Problem -> Line by line, set down the following material again exactly.

Source information ->
______________________________

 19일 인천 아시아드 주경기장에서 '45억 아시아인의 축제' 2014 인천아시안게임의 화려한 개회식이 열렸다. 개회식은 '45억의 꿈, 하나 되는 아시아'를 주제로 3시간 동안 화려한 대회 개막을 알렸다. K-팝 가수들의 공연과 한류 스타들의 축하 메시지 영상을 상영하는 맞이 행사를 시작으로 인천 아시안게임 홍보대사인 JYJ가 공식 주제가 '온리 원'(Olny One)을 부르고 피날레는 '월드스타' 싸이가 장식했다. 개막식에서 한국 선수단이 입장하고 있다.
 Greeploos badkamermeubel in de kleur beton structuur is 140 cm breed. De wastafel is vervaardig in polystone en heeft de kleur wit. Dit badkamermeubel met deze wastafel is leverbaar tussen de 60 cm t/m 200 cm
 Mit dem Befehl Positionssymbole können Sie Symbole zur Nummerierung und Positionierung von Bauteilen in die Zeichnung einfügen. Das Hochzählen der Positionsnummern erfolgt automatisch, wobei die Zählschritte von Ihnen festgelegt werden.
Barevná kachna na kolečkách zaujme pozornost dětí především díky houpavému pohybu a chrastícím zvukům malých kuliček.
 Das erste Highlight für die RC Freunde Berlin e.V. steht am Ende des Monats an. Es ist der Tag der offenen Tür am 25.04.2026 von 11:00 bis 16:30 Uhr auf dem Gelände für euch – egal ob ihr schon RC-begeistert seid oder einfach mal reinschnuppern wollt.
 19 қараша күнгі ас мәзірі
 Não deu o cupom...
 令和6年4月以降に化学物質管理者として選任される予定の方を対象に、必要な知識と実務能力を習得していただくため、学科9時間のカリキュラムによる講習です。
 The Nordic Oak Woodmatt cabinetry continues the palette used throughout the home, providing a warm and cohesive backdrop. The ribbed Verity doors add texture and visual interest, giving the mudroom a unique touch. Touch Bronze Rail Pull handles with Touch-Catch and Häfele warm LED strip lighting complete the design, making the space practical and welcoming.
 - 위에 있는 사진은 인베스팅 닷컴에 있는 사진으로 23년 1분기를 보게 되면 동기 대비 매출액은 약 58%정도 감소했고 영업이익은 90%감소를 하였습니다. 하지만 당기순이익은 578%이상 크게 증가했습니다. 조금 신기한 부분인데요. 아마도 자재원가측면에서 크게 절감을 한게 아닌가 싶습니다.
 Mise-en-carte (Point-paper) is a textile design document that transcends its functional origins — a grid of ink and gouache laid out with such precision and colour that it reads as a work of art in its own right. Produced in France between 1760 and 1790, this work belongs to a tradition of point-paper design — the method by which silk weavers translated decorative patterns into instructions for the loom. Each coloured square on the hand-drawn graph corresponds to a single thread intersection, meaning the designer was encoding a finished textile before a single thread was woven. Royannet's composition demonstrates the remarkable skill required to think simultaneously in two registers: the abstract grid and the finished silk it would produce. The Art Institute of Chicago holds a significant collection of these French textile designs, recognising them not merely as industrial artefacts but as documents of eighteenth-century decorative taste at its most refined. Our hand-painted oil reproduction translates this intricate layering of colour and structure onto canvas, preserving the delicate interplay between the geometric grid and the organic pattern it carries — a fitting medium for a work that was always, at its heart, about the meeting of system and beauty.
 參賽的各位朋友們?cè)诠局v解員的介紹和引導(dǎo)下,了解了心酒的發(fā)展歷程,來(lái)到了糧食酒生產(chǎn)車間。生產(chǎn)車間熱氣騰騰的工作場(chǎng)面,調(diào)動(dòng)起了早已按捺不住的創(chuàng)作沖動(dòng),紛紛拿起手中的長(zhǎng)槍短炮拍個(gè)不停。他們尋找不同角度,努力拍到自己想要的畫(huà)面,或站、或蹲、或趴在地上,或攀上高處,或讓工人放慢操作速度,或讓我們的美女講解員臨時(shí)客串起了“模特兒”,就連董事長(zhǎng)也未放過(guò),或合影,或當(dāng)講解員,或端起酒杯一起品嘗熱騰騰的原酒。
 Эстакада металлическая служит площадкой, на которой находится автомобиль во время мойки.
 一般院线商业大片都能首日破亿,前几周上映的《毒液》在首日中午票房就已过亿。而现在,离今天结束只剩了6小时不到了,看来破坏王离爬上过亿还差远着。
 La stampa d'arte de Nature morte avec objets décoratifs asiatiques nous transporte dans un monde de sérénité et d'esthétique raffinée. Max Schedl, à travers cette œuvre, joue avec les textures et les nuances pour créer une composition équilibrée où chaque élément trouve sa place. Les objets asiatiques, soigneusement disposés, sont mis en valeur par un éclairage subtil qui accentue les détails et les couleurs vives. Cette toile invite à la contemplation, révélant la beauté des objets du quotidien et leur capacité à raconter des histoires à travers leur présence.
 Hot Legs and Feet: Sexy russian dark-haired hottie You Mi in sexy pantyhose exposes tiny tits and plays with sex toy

______________________________

Answer to this task ->
 19일 인천 아시아드 주경기장에서 '45억 아시아인의 축제' 2014 인천아시안게임의 화려한 개회식이 열렸다. 개회식은 '45억의 꿈, 하나 되는 아시아'를 주제로 3시간 동안 화려한 대회 개막을 알렸다. K-팝 가수들의 공연과 한류 스타들의 축하 메시지 영상을 상영하는 맞이 행사를 시작으로 인천 아시안게임 홍보대사인 JYJ가 공식 주제가 '온리 원'(Olny One)을 부르고 피날레는 '월드스타' 싸이가 장식했다. 개막식에서 한국 선수단이 입장하고 있다.
 Greeploos badkamermeubel in de kleur beton structuur is 140 cm breed. De wastafel is vervaardig in polystone en heeft de kleur wit. Dit badkamermeubel met deze wastafel is leverbaar tussen de 60 cm t/m 200 cm
 Mit dem Befehl Positionssymbole können Sie Symbole zur Nummerierung und Positionierung von Bauteilen in die Zeichnung einfügen. Das Hochzählen der Positionsnummern erfolgt automatisch, wobei die Zählschritte von Ihnen festgelegt werden.
Barevná kachna na kolečkách zaujme pozornost dětí především díky houpavému pohybu a chrastícím zvukům malých kuliček.
 Das erste Highlight für die RC Freunde Berlin e.V. steht am Ende des Monats an. Es ist der Tag der offenen Tür am 25.04.2026 von 11:00 bis 16:30 Uhr auf dem Gelände für euch – egal ob ihr schon RC-begeistert seid oder einfach mal reinschnuppern wollt.
 19 қараша күнгі ас мәзірі
 Não deu o cupom...
 令和6年4月以降に化学物質管理者として選任される予定の方を対象に、必要な知識と実務能力を習得していただくため、学科9時間のカリキュラムによる講習です。
 The Nordic Oak Woodmatt cabinetry continues the palette used throughout the home, providing a warm and cohesive backdrop. The ribbed Verity doors add texture and visual interest, giving the mudroom a unique touch. Touch Bronze Rail Pull handles with Touch-Catch and Häfele warm LED strip lighting complete the design, making the space practical and welcoming.
 - 위에 있는 사진은 인베스팅 닷컴에 있는 사진으로 23년 1분기를 보게 되면 동기 대비 매출액은 약 58%정도 감소했고 영업이익은 90%감소를 하였습니다. 하지만 당기순이익은 578%이상 크게 증가했습니다. 조금 신기한 부분인데요. 아마도 자재원가측면에서 크게 절감을 한게 아닌가 싶습니다.
 Mise-en-carte (Point-paper) is a textile design document that transcends its functional origins — a grid of ink and gouache laid out with such precision and colour that it reads as a work of art in its own right. Produced in France between 1760 and 1790, this work belongs to a tradition of point-paper design — the method by which silk weavers translated decorative patterns into instructions for the loom. Each coloured square on the hand-drawn graph corresponds to a single thread intersection, meaning the designer was encoding a finished textile before a single thread was woven. Royannet's composition demonstrates the remarkable skill required to think simultaneously in two registers: the abstract grid and the finished silk it would produce. The Art Institute of Chicago holds a significant collection of these French textile designs, recognising them not merely as industrial artefacts but as documents of eighteenth-century decorative taste at its most refined. Our hand-painted oil reproduction translates this intricate layering of colour and structure onto canvas, preserving the delicate interplay between the geometric grid and the organic pattern it carries — a fitting medium for a work that was always, at its heart, about the meeting of system and beauty.
 參賽的各位朋友們?cè)诠局v解員的介紹和引導(dǎo)下,了解了心酒的發(fā)展歷程,來(lái)到了糧食酒生產(chǎn)車間。生產(chǎn)車間熱氣騰騰的工作場(chǎng)面,調(diào)動(dòng)起了早已按捺不住的創(chuàng)作沖動(dòng),紛紛拿起手中的長(zhǎng)槍短炮拍個(gè)不停。他們尋找不同角度,努力拍到自己想要的畫(huà)面,或站、或蹲、或趴在地上,或攀上高處,或讓工人放慢操作速度,或讓我們的美女講解員臨時(shí)客串起了“模特兒”,就連董事長(zhǎng)也未放過(guò),或合影,或當(dāng)講解員,或端起酒杯一起品嘗熱騰騰的原酒。
 Эстакада металлическая служит площадкой, на которой находится автомобиль во время мойки.
 一般院线商业大片都能首日破亿,前几周上映的《毒液》在首日中午票房就已过亿。而现在,离今天结束只剩了6小时不到了,看来破坏王离爬上过亿还差远着。
 La stampa d'arte de Nature morte avec objets décoratifs asiatiques nous transporte dans un monde de sérénité et d'esthétique raffinée. Max Schedl, à travers cette œuvre, joue avec les textures et les nuances pour créer une composition équilibrée où chaque élément trouve sa place. Les objets asiatiques, soigneusement disposés, sont mis en valeur par un éclairage subtil qui accentue les détails et les couleurs vives. Cette toile invite à la contemplation, révélant la beauté des objets du quotidien et leur capacité à raconter des histoires à travers leur présence.
 Hot Legs and Feet: Sexy russian dark-haired hottie You Mi in sexy pantyhose exposes tiny tits and plays with sex toy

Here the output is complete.